**Work request:**
Look below for the line that contains "先导出常用的 183 种中药材名称并编写提示词让" and the line that contains "フローデザイナーは、データの", then restate both of them and every line in between, exactly. No picture goes in the copy.

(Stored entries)

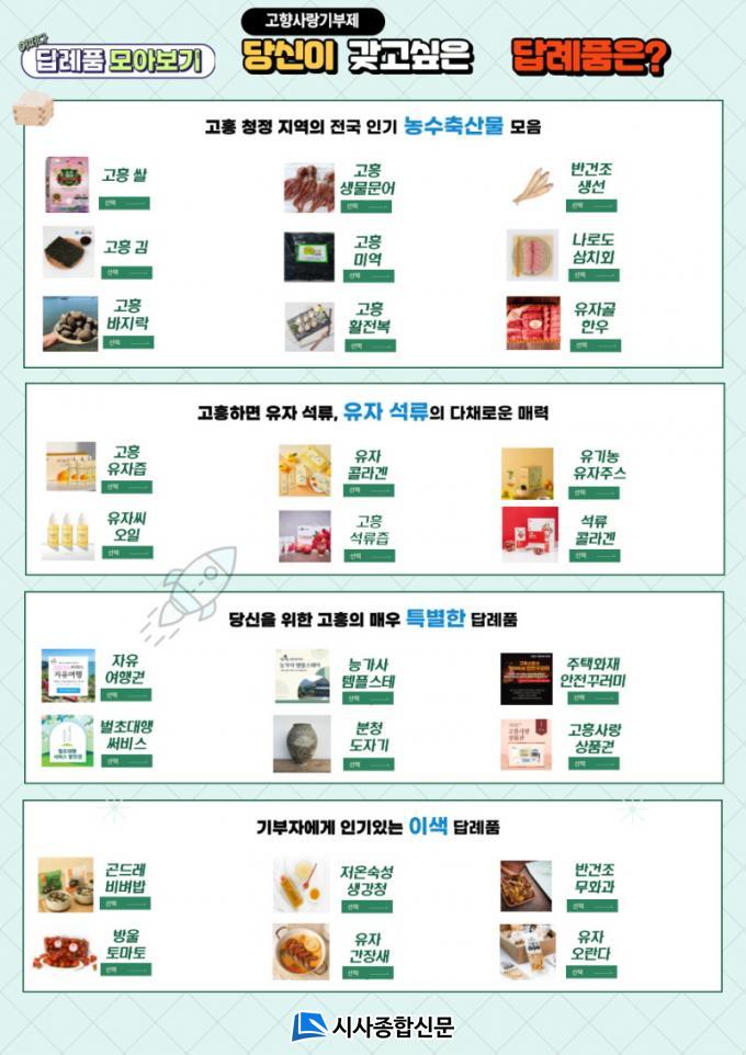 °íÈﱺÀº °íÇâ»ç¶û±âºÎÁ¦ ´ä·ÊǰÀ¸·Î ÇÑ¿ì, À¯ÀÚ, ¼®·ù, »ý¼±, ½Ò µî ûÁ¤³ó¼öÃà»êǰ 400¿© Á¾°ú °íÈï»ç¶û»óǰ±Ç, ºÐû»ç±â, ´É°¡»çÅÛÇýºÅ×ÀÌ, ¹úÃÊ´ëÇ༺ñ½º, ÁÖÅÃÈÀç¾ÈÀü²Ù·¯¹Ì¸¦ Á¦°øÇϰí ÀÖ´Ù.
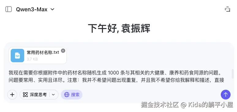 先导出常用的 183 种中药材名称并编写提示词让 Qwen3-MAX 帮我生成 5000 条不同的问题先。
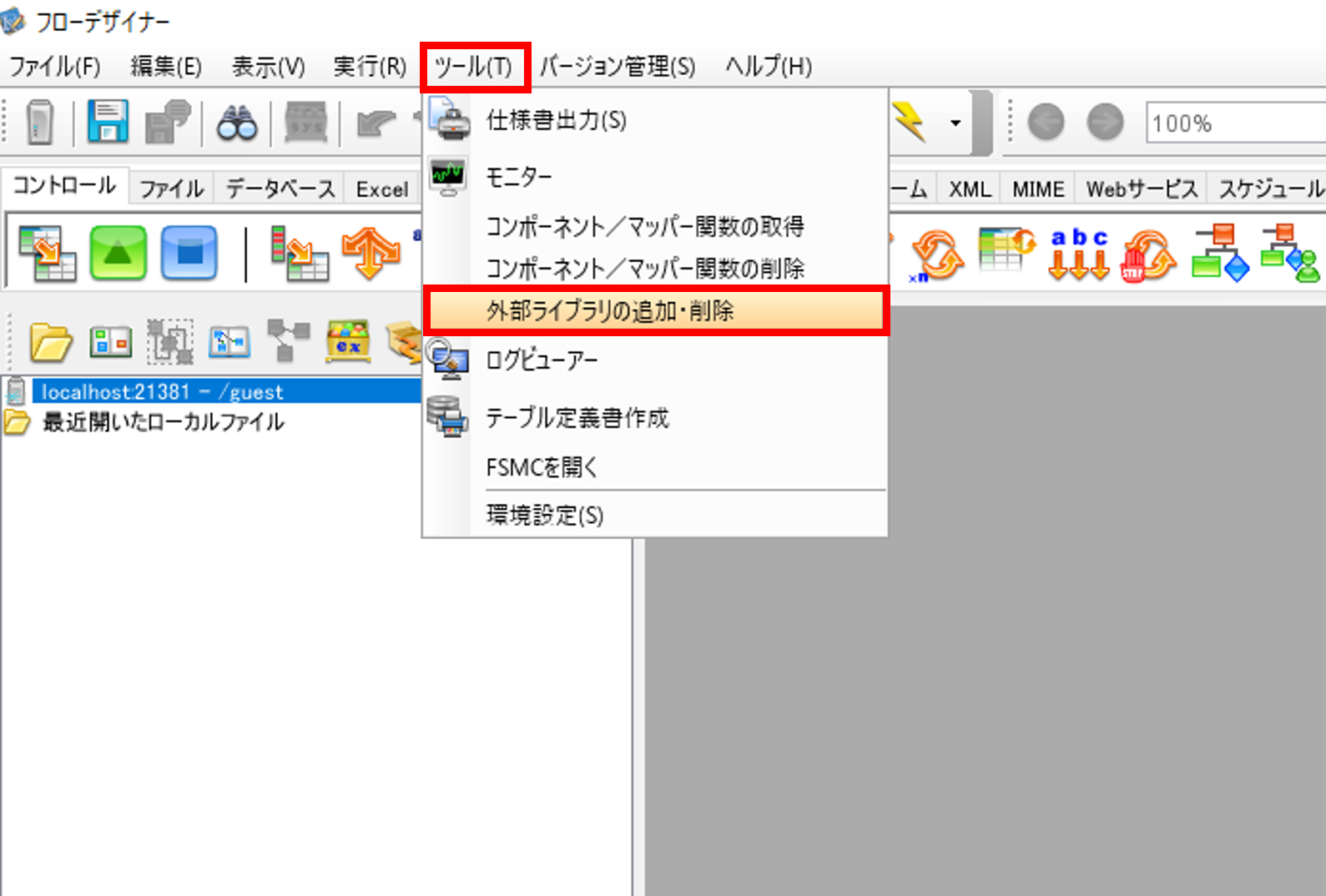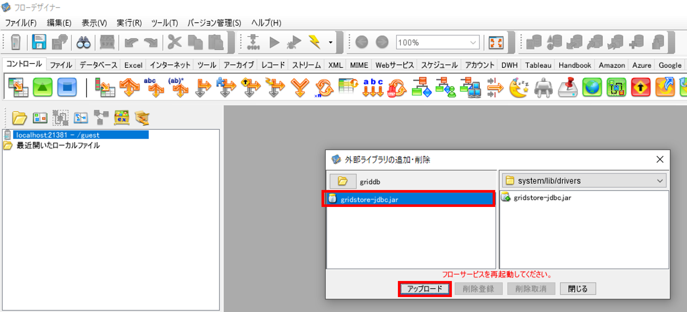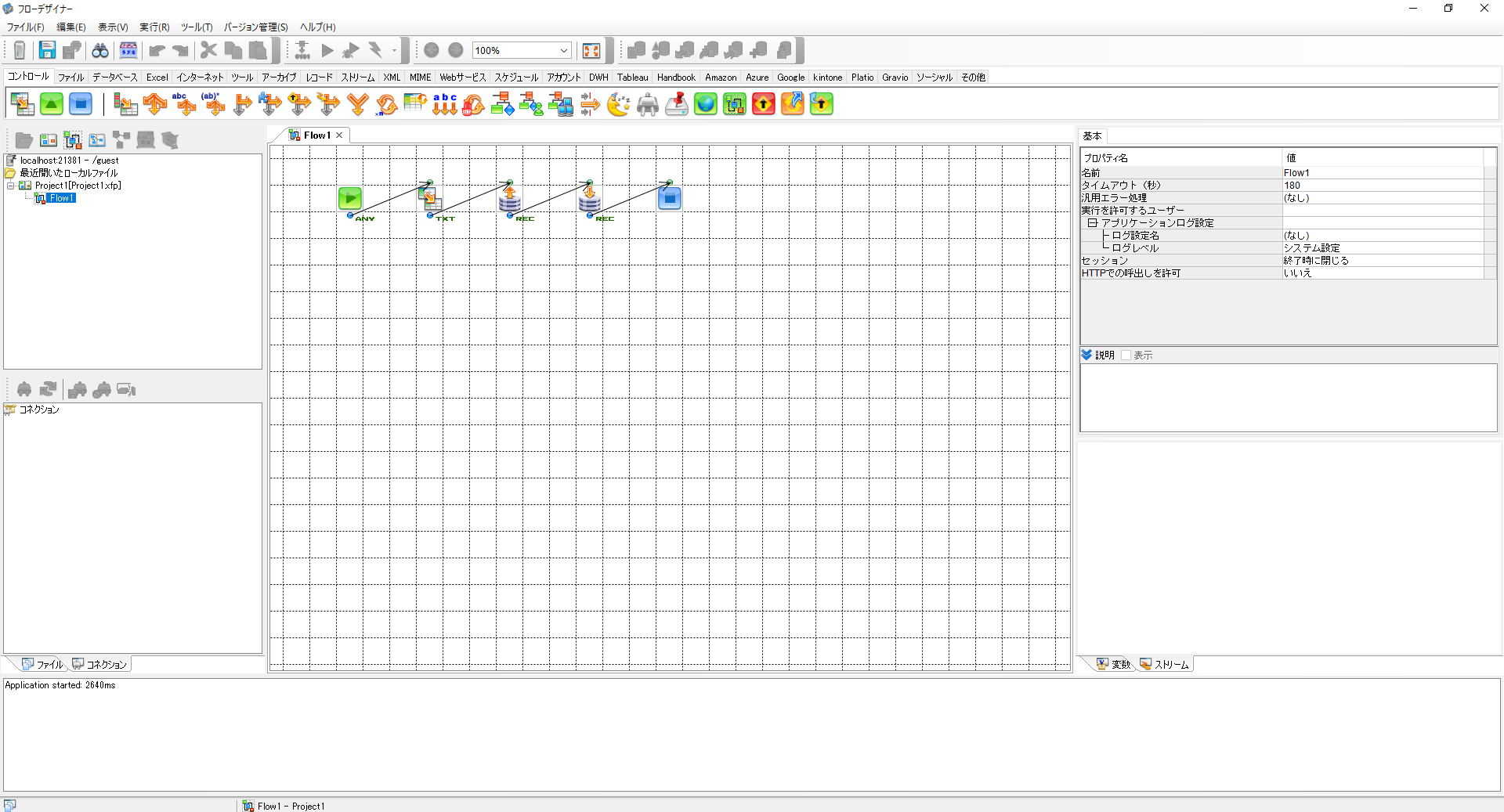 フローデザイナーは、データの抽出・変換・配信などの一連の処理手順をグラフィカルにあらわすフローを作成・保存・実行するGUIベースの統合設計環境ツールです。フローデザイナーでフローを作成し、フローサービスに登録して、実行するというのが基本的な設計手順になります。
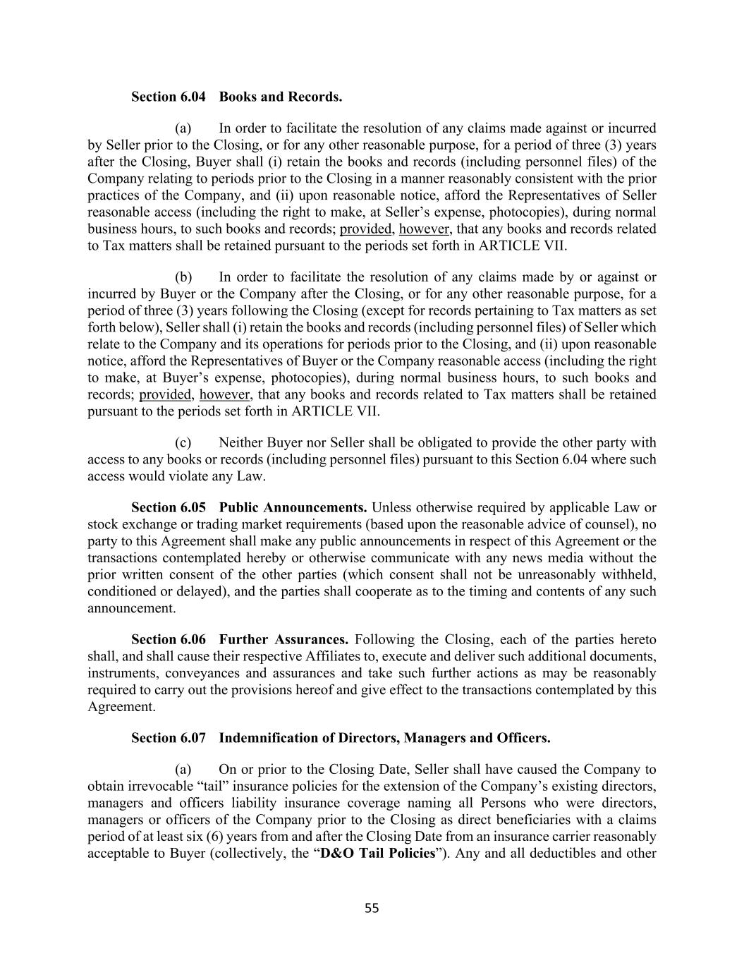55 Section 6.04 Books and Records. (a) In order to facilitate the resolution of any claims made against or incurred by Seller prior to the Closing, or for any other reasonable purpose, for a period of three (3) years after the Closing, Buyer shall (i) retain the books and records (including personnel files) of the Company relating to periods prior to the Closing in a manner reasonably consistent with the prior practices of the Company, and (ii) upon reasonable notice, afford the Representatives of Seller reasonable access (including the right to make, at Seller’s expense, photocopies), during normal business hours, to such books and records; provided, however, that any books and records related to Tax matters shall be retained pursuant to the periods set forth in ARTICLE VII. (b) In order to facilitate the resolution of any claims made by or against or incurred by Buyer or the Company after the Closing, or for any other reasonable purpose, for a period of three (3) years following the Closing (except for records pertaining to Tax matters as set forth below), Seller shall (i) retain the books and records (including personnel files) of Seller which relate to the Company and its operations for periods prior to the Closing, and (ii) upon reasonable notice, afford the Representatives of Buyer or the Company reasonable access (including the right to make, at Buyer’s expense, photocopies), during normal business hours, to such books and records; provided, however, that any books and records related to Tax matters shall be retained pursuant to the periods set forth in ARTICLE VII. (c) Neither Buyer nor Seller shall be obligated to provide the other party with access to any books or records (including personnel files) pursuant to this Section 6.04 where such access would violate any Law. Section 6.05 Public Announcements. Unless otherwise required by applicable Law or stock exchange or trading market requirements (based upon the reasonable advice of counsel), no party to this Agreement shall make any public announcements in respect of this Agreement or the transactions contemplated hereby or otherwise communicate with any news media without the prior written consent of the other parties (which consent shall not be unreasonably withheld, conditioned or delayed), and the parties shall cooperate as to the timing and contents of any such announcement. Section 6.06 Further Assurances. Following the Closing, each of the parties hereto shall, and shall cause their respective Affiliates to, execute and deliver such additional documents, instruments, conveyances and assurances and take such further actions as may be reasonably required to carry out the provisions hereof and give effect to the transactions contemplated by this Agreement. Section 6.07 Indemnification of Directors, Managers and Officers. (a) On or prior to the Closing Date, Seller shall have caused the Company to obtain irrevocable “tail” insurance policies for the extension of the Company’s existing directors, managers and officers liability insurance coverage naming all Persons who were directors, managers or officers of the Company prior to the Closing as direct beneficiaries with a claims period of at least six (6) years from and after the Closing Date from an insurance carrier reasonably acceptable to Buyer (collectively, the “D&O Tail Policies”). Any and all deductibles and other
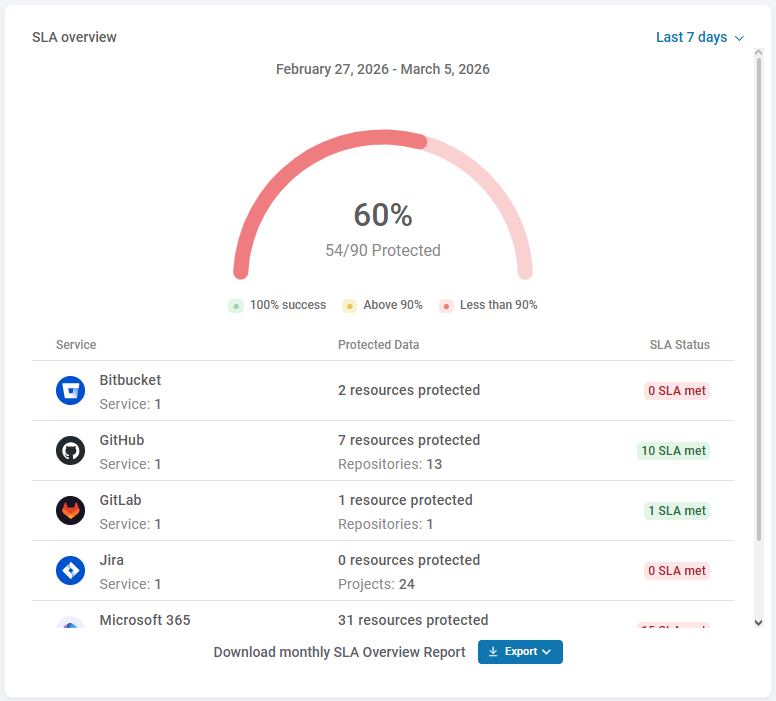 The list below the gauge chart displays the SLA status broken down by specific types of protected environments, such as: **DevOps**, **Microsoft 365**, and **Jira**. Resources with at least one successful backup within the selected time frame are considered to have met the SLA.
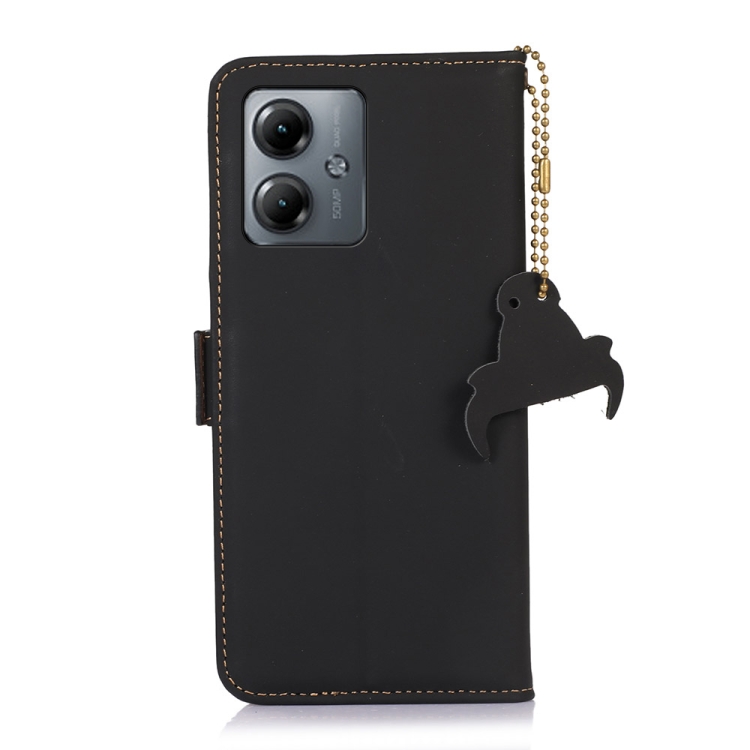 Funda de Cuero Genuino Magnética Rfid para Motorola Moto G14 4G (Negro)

**Answer section:**
 先导出常用的 183 种中药材名称并编写提示词让 Qwen3-MAX 帮我生成 5000 条不同的问题先。
 フローデザイナーは、データの抽出・変換・配信などの一連の処理手順をグラフィカルにあらわすフローを作成・保存・実行するGUIベースの統合設計環境ツールです。フローデザイナーでフローを作成し、フローサービスに登録して、実行するというのが基本的な設計手順になります。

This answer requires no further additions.